YOUR OBJECTIVE: Print only the lines running from the line with "Lovely Apartment for" to the final line below, both included, exactly as written and without the pictures.
BEGIN
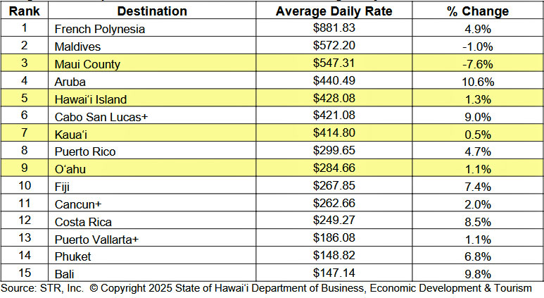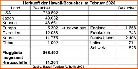 Das hat man inzwischen auch in Hawaii erkannt, wie eine Zusammenstellung des hawaiianischen Tourismusbüros vom Februar 2025 zeigt:
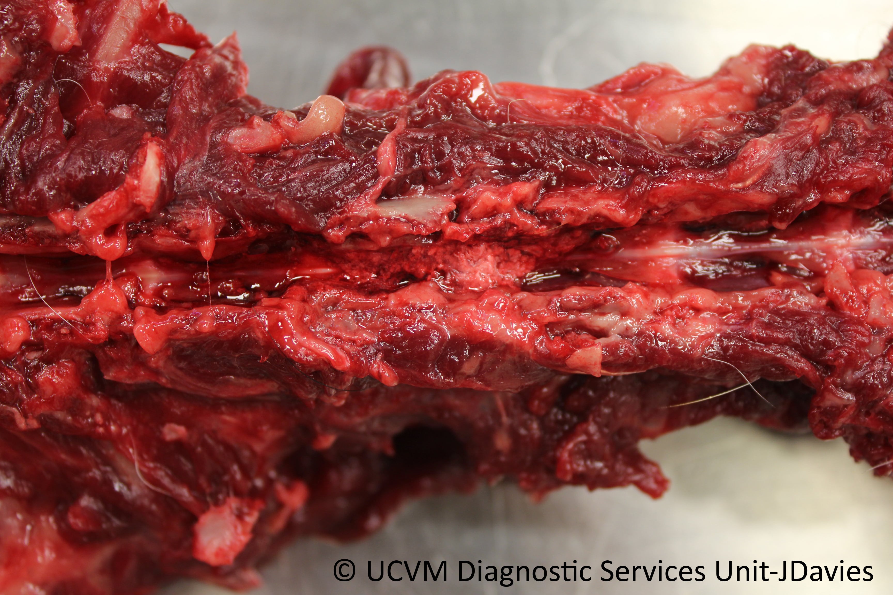 Shown: Intervertebral disk disease, extrusion of calcified disk material
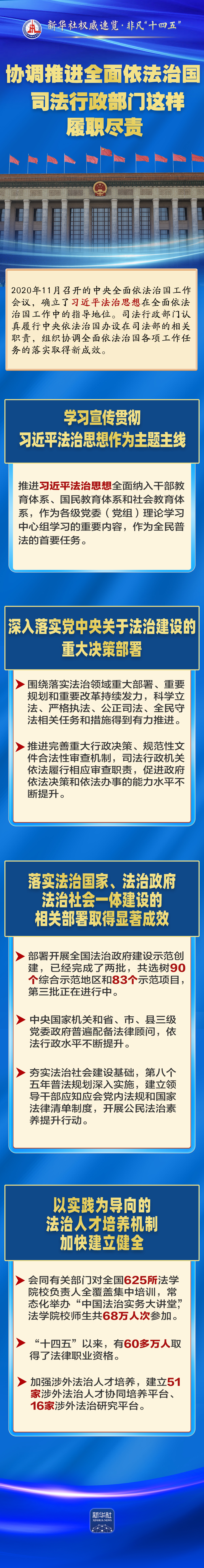 “十四五”期間,在協(xié)調(diào)推進全面依法治國工作落實方面,司法行政部門有哪些主要做法,取得了什么樣的成效?國新辦8日舉行的“高質(zhì)量完成‘十四五’規(guī)劃”發(fā)布會上,司法部從四個方面做出回應。
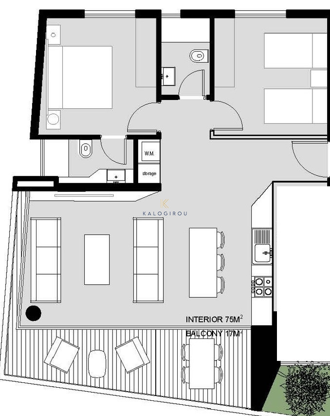 Lovely Apartment for sale in Faneromeni area Larnaca. The apartment is situated at the second floor and it consists of an open plan kitchen with living room, two bedrooms, one main shower with W/C and one en – suite shower with W/C. The apartment has 74sq.m of internal covered area and 17sq.m of covered veranda.
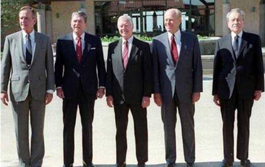历史老照片:美国总统们的合照,他们是尼克松、老布什、卡特、福特、里根。
END
WORKED SOLUTION:
 Lovely Apartment for sale in Faneromeni area Larnaca. The apartment is situated at the second floor and it consists of an open plan kitchen with living room, two bedrooms, one main shower with W/C and one en – suite shower with W/C. The apartment has 74sq.m of internal covered area and 17sq.m of covered veranda.
历史老照片:美国总统们的合照,他们是尼克松、老布什、卡特、福特、里根。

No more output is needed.